# Here's Luna !!



## GingersMaMa (Aug 4, 2011)

Went this Morning and paid the deposit on Luna ! :leap: :leap: She's so Cute and super sweet !! Thanks Tiff !! :greengrin: :greengrin: :greengrin: :greengrin: 
Here's some pics !!!


----------



## SkyesRanch (Nov 11, 2010)

No pictures?


----------



## DavyHollow (Jul 14, 2011)

So cute!!
Skye: I can see pictures . . .?


----------



## toth boer goats (Jul 20, 2008)

Aww....too cute.... :thumb:


----------



## GingersMaMa (Aug 4, 2011)

There showing on mine ... :? :whatgoat:


----------



## goatiegurl*Oh (Nov 11, 2007)

How cute! Congrats


----------



## J.O.Y. Farm (Jan 10, 2012)

Very cute!!!


----------



## TiffofMo (Jan 10, 2011)

Glad you liked her. It was nice meeting you and your mom.


----------



## KW Farms (Jun 21, 2008)

Cute!


----------



## firelight27 (Apr 25, 2009)

Oooh, I like her colors. So rich.


----------



## liz (Oct 5, 2007)

Congrats! What a pretty baby!


----------



## GingersMaMa (Aug 4, 2011)

TiffofMo said:


> Glad you liked her. It was nice meeting you and your mom.
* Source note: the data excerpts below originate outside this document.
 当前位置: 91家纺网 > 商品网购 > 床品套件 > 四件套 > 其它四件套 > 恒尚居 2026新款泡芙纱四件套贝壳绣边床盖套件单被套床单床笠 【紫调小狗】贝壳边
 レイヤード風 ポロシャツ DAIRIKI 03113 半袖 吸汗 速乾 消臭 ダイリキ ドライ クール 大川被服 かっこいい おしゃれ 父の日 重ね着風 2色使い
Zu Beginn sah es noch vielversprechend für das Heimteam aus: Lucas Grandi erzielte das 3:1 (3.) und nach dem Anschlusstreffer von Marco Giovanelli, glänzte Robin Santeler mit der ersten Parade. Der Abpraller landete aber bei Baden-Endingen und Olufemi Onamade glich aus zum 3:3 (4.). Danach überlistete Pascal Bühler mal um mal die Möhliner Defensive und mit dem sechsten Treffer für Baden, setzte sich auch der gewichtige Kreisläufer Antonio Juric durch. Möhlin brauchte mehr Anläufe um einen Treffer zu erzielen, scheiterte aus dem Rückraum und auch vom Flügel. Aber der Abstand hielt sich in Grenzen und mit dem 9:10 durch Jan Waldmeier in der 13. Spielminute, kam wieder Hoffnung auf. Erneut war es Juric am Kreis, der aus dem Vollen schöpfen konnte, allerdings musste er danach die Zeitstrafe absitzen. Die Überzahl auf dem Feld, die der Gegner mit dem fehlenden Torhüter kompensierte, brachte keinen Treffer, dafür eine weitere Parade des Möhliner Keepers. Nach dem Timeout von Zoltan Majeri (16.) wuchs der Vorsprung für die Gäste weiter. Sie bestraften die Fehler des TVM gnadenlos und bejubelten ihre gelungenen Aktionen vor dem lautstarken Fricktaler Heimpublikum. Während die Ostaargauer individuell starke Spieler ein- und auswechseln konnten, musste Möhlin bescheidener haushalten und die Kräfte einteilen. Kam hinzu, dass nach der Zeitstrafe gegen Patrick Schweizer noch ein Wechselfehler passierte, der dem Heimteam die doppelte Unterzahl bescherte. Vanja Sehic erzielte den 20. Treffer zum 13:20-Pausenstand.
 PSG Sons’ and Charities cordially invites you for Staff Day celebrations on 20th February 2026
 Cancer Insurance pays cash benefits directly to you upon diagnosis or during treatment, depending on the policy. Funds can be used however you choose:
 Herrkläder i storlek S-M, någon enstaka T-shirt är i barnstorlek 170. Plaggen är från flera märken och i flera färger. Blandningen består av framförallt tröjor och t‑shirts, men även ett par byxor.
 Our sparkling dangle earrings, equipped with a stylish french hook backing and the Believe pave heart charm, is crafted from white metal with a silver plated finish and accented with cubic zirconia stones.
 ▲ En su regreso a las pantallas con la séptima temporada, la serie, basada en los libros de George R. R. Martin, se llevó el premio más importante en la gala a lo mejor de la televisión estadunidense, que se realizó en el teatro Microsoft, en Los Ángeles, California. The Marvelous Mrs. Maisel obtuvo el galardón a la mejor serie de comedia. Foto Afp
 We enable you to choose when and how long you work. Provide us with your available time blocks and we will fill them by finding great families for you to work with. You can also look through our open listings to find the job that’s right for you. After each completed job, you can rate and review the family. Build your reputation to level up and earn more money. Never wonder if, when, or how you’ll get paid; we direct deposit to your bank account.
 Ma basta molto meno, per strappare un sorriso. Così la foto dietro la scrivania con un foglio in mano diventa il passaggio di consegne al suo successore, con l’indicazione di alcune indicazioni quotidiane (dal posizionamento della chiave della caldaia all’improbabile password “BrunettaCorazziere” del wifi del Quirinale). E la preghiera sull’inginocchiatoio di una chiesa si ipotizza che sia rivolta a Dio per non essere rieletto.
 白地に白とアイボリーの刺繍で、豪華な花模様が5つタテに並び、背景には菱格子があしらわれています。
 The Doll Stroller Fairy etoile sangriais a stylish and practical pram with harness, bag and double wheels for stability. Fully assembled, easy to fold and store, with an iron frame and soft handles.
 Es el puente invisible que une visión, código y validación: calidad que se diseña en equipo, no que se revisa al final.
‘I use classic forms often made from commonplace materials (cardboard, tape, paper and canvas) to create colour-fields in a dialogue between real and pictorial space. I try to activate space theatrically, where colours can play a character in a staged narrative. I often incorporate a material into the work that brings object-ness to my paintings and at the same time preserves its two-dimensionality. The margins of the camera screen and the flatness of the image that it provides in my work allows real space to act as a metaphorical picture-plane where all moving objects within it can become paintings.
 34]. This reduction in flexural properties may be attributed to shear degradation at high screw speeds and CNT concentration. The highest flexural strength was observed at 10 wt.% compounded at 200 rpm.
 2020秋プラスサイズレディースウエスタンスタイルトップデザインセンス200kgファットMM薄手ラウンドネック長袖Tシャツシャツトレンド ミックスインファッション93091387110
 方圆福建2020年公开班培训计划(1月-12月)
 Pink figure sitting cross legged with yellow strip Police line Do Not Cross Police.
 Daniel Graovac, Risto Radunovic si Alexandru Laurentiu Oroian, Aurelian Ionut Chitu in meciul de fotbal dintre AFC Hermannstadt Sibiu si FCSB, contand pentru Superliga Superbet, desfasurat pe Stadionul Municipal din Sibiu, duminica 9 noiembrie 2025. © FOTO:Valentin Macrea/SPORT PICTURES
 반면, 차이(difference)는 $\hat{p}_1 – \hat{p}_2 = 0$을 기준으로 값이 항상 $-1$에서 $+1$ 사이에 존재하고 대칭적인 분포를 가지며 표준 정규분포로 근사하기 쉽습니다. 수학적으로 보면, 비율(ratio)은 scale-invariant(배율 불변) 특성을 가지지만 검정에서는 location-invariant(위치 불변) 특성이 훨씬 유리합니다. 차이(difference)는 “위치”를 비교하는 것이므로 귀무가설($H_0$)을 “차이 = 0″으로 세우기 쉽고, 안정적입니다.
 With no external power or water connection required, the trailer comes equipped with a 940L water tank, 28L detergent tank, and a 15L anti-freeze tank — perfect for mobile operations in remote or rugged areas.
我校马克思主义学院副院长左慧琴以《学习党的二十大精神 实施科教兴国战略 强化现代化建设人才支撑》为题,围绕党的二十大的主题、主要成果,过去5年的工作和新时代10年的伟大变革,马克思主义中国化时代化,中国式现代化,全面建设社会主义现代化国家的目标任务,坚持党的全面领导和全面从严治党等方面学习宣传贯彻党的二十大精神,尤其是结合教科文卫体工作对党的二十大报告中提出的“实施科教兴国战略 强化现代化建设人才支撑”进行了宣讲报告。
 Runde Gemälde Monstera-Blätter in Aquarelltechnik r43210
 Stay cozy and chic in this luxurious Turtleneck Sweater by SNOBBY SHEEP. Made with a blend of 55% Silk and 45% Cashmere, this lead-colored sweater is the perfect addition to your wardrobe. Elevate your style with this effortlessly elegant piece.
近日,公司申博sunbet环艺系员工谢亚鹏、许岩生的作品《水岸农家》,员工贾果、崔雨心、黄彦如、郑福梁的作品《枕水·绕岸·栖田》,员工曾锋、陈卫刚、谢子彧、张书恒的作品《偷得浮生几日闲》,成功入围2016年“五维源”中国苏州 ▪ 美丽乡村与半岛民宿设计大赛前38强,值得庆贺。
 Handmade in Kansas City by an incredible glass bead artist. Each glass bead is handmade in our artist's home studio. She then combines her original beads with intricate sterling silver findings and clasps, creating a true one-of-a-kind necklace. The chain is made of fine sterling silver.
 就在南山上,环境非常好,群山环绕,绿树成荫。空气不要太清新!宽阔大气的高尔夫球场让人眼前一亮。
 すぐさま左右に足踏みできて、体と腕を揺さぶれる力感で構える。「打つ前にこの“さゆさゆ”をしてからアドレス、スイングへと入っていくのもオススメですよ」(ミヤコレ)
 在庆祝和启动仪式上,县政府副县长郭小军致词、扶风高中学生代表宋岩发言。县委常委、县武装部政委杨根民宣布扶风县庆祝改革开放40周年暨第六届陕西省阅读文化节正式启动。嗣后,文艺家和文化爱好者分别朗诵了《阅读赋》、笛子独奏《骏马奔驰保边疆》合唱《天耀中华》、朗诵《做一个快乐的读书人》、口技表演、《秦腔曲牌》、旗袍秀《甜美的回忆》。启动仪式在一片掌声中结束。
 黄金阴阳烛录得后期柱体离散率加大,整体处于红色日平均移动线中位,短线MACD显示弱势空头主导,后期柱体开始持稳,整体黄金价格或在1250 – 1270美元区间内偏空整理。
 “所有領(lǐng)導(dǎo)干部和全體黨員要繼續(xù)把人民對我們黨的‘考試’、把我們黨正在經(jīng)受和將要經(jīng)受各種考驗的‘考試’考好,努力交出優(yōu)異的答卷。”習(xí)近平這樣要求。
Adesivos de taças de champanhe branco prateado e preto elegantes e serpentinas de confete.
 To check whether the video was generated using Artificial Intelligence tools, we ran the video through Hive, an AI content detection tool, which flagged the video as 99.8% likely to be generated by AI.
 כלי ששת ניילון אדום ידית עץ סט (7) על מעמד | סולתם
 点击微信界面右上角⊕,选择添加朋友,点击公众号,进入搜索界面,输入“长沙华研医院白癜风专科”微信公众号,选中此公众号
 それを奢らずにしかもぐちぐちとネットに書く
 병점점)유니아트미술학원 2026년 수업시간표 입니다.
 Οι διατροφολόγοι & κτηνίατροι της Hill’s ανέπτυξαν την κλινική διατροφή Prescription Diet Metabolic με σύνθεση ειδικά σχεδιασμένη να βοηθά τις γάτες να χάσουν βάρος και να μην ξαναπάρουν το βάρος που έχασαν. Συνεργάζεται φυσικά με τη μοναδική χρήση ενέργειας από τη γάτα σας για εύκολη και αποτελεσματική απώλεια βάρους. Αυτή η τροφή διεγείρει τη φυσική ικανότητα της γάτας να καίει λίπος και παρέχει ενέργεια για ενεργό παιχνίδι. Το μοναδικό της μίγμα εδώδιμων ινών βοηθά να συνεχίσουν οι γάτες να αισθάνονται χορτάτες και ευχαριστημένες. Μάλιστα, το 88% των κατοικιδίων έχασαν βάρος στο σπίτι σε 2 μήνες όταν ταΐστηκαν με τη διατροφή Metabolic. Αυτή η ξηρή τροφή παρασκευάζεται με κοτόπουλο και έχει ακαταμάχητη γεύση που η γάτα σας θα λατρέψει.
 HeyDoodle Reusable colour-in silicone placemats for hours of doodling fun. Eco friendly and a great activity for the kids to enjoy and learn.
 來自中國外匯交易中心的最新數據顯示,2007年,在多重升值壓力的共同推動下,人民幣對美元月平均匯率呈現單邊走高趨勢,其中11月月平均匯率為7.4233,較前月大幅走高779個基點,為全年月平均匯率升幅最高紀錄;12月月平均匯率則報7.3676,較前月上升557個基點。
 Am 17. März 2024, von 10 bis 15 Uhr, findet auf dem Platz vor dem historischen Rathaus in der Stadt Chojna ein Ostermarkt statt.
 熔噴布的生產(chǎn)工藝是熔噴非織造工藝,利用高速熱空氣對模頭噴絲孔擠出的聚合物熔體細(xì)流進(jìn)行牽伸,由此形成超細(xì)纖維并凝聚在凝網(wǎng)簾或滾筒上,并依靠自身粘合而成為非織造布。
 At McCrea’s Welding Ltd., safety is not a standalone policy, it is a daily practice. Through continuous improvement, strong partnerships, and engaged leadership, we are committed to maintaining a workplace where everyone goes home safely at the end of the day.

It was nice meeting you too( And your Goaties !! :laugh: )


----------



## KW Farms (Jun 21, 2008)

I love to hear about TGS members meeting up!  :hi5:


----------



## RMADairyGoats (Jun 20, 2011)

Congrats! She's cute


----------



## TiffofMo (Jan 10, 2011)

KW Farms said:


> I love to hear about TGS members meeting up!  :hi5:


I know im glad i found someone local. Usually there 3 or more states away on all the forums ive visited.


----------



## GingersMaMa (Aug 4, 2011)

I know ! I was like... Wow someone that close ! :leap: :leap:   :greengrin:


----------



## Lamancha Lady (Dec 13, 2011)

Grats on the pretty baby


----------